---
title: 'Lab 6: Small Mammals Data Management and Analysis'
author: "YOUR NAME for Ecosystem Ecology BIOL 4466/5301"
date: "10/13/2020"
output:
  html_document:
     theme: spacelab 
     toc: true
     toc_depth: 2
     number_sections: true
     toc_float:
       collapsed: true
       smooth_scroll: true
---

# Instructions:  

* Watch the two Data in Ecology videos from Sarah McCord - this will give useful bigger picture background.  
* Download data and metadata files, Lab6_Description.html, Lab6_Working.Rmd and put them in a Lab6 folder.  
* Read through the Lab6_Description.html
* The Lab6_Working.Rmd has all the background removed and you will be creating some of your own chunks to read in the data, check the files, make some graphs. The Lab6_Working.Rmd has minimal code, if you get stuck the background file contains code.  
* This lab includes: 
    + reflection on data collection  
    + organising data from raw to analysis-ready in Excel and R  
    + working with NEON metadata, protocols, and data to understand a dataset  
    + making graphs with small mammal data  


# Core Skills

This lab focuses on skills for:  

* Spreadsheet organisation for efficient analysis and data transfer from field to analysis  
* Importing data to R and conduct quality control and prepare data for analysis  
* Conducting analysis using large, open access dataset to address specific research question  

# R Skills

* Build on dplyr, ggplot2, lubridate skills  
* Create your own R chunks using skills developed in previous labs  
* Import data  
* Use R for data QC and checking formats  
* Make graphs to illustrate results  


# Adaptation

The data is based on McNeil and Jones [^1] and the data skills build on a Data Carpentry module by Bahlai and Teal [^2]. This lab has been adapted for R from Hernández-Pacheco 2018 [^3].

# The Data Sets

## Data Carpentry:
**small_mammal_community.xls** – Subset of the small mammal data from southern Arizona addressing the effects of rodents and ants on the plant community. This .xls contains two years of small mammal community data with multiple data table formats. This file should be used to identify common errors in formatting data tables and re-organize the data as recommended.  
 
## The National Ecological Observatory Network: 
**Abbreviated NEON Small Mammal Trapping Protocols.docx** - An abbreviated version of the Small Mammal Trapping Protocol to highlight the methods used to trap, record, mark, and release the animals.  
**NEONSmallMammal_SCBI_BlankDataSheet.pdf** - Field data collection sheet.    
**NEON.D02.SCBI.DP1.10072.001_variables.csv** – Metadata file for NEON small mammal data (DP1.10072.001) describing the variable names.  
**NEON.D02.SCBI.DP1.10072.001.readme.txt** – Metadata file for the NEON small mammal data (DP1.1072.001) providing more information on the data product.  
**NEON.D02.SCBI.DP1.10072.001.mam_pertrapnight.072014to052015.csv** – This file is a NEON small mammal trapping data file from July 2014 to May 2015 at the SCBI Site which can be found on the NEON Field Sites list and [here](https://www.neonscience.org/field-sites/field-sites-map/SCBI). 

# Exercise 1: Reflection

* If you have collected data before, how was it collected? (Eg: Paper sheets, Tablet, Data Logger)  
* How was that data transferred to a more permanent format?  
* Has anyone taught or trained you how to collect data?  
* If you have set up your own data collection sheets, how did you 'know' what to do? (Eg: followed demonstration by someone else, got given a protocol, lab has an existing procedure, discussion with others)  
* Does your data have a back-up system in place?  
* Have you ever archived data in a public database? Do you plan to if you are currently collecting data? Did you know that *any* data collector affiliated with a scientific project can archive their data?  
* If you were to use data from a public database, what are a few minimum things you would want to feel certain about?  

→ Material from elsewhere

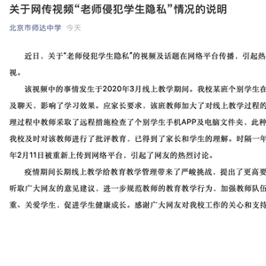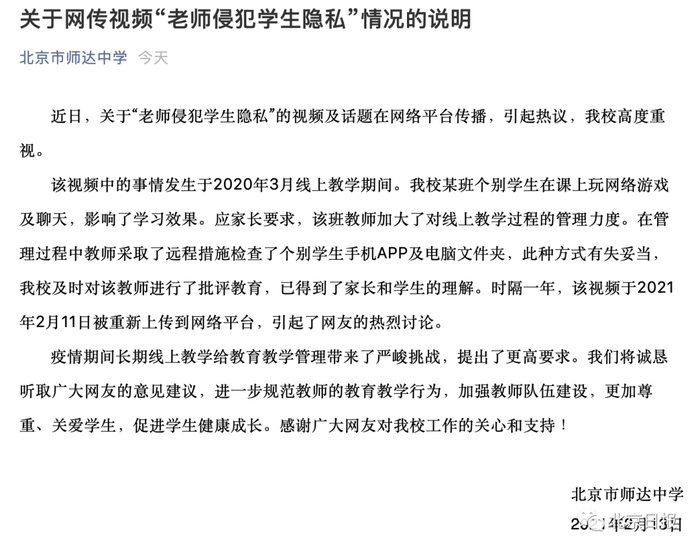 北京市师达中学表示,该视频中的事情发生于2020年3月线上教学期间。我校某班个别学生在课上玩网络游戏及聊天,影响了学习效果。应家长要求,该班教师加大了对线上教学过程的管理力度。在管理过程中教师采取了远程措施检查了个别学生手机APP及电脑文件夹,此种方式有失妥当,我校及时对该教师进行了批评教育,已得到了家长和学生的理解。时隔一年,该视频于2021年2月11日被重新上传到网络平台,引起了网友的热烈讨论。

# Exercise 2: Format data in spreadsheets for effective use (in Excel)

**Do the following:**  

* Open the survey data file on small mammal community in southern Arizona in excel  
* You can see that there are two tabs. Two field assistants conducted the surveys, one in 2013 and one in 2014. Now you’re the person in charge of this project and you want to be able to start analyzing the data  
* Identify what is wrong with these spreadsheets.  
* Discuss the steps you would need to take to clean up the 2013 and 2014 tabs, and to put them all together in one spreadsheet.  
* Create a header for this new spreadsheet and organize the data following the discussed rules.  
* Discuss what type each column is: numeric, integer (dbl in dplyr), character string?  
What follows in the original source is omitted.